**WORK TASK**: From the records below, extract all the text exactly and leave the images behind.

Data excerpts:
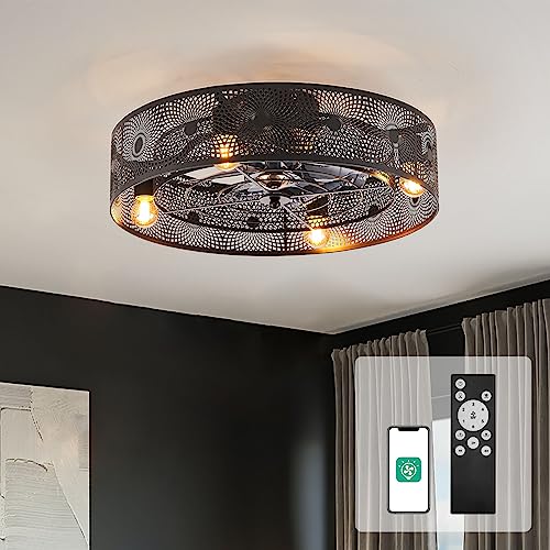 Orison 20 Inch Caged Ceiling Fan with Light, Black, 6 Speeds, Timer, Reversible Motor, Industrial Low Profile Ceiling Fan for Living Room, Bedroom, Kitchen
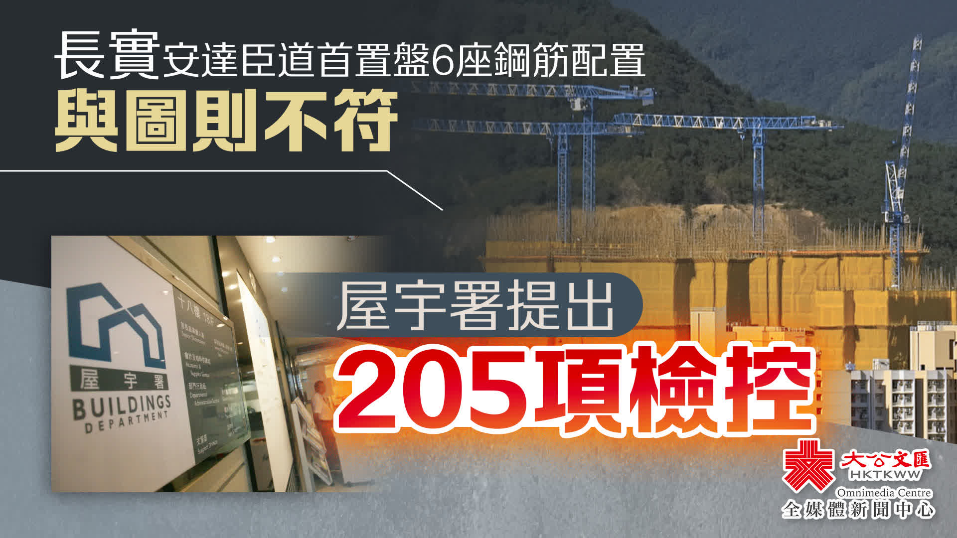屋宇署去年8月接獲舉報,勒令整個地盤停工,並多次派員到地盤核查,結果顯示,6幢大樓均發現部分鋼筋配置嚴重偏離批准圖則的情況,包括一些鋼筋位置與圖則不符或移位、鋼筋粗幼與圖則不符、鋼筋數量比批准圖則少,以及結構柱移位等。
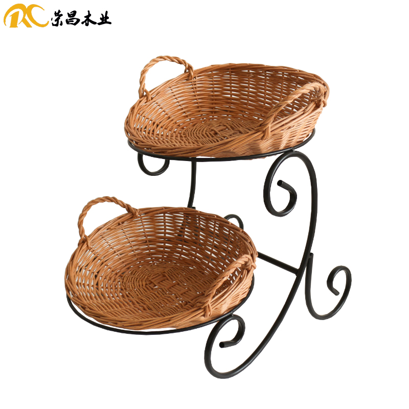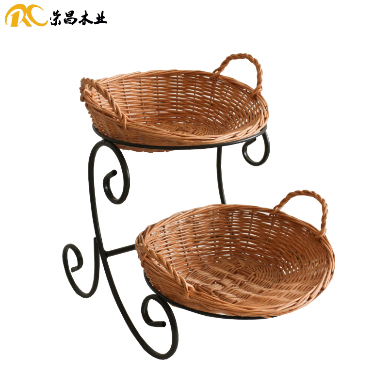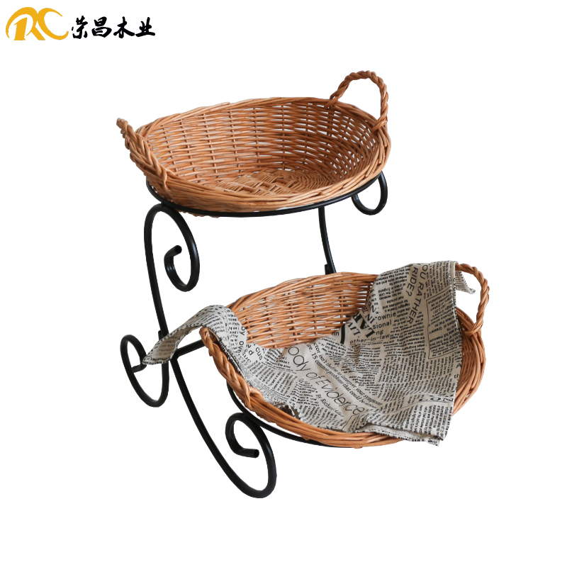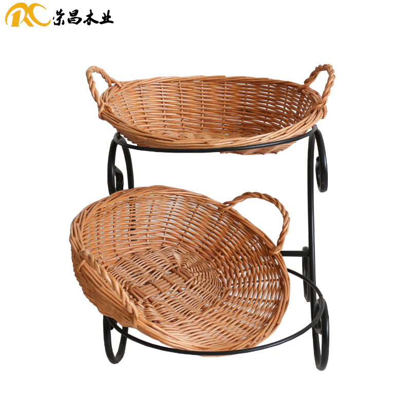 Rongchang Wooden Bread Basket Bakery Shop Willow Basket Two-Tier Pastry Basket Cake Shop Ornament Decoration Tray
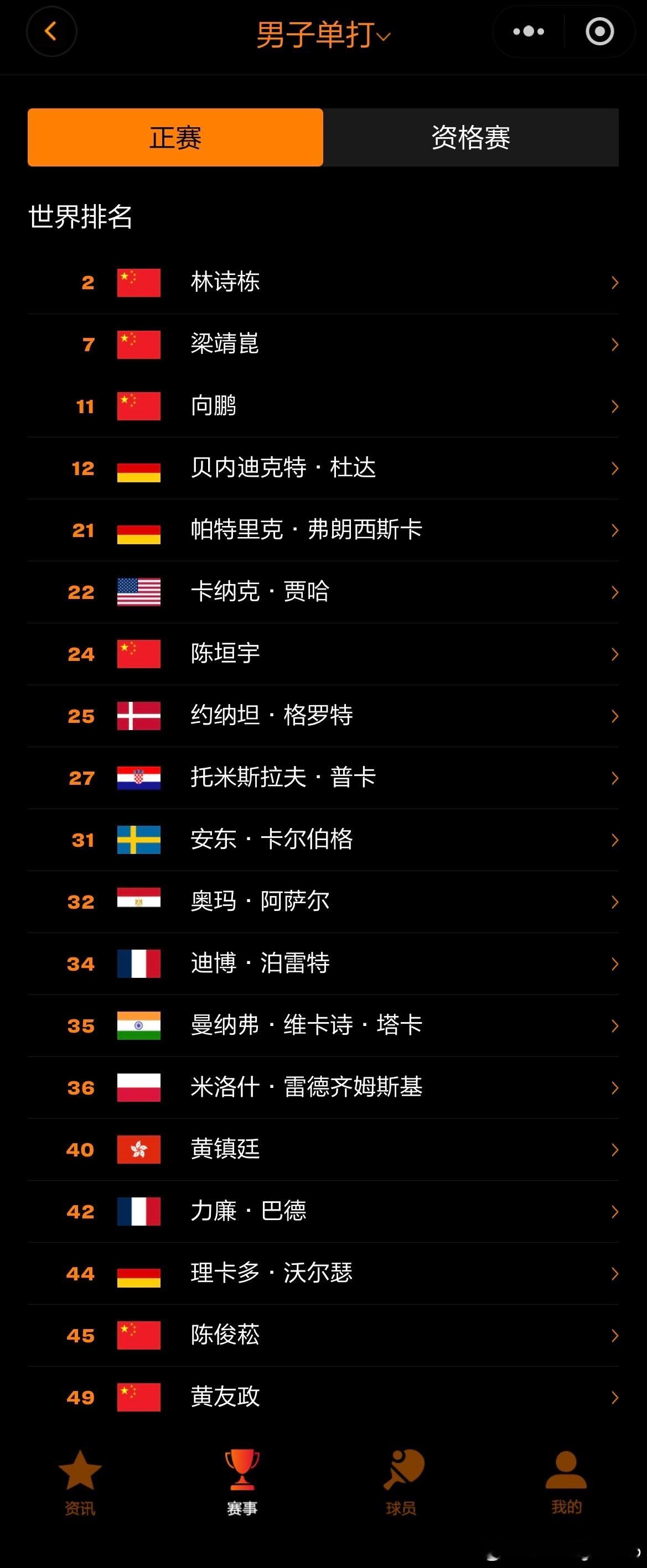 WTT常规挑战赛马斯喀特站2026单打报名Top5️⃣
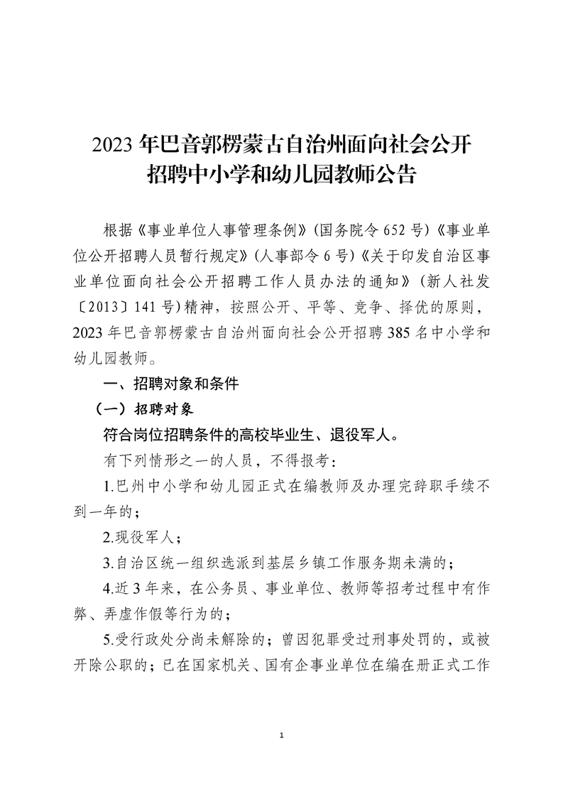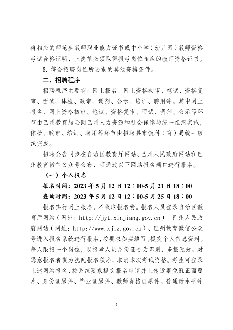 2023年新疆巴州巴音郭楞蒙古自治州招聘中小學和幼兒園教師公告

**TASK ANSWER**:
 Orison 20 Inch Caged Ceiling Fan with Light, Black, 6 Speeds, Timer, Reversible Motor, Industrial Low Profile Ceiling Fan for Living Room, Bedroom, Kitchen
屋宇署去年8月接獲舉報,勒令整個地盤停工,並多次派員到地盤核查,結果顯示,6幢大樓均發現部分鋼筋配置嚴重偏離批准圖則的情況,包括一些鋼筋位置與圖則不符或移位、鋼筋粗幼與圖則不符、鋼筋數量比批准圖則少,以及結構柱移位等。
 Rongchang Wooden Bread Basket Bakery Shop Willow Basket Two-Tier Pastry Basket Cake Shop Ornament Decoration Tray
 WTT常规挑战赛马斯喀特站2026单打报名Top5️⃣
 2023年新疆巴州巴音郭楞蒙古自治州招聘中小學和幼兒園教師公告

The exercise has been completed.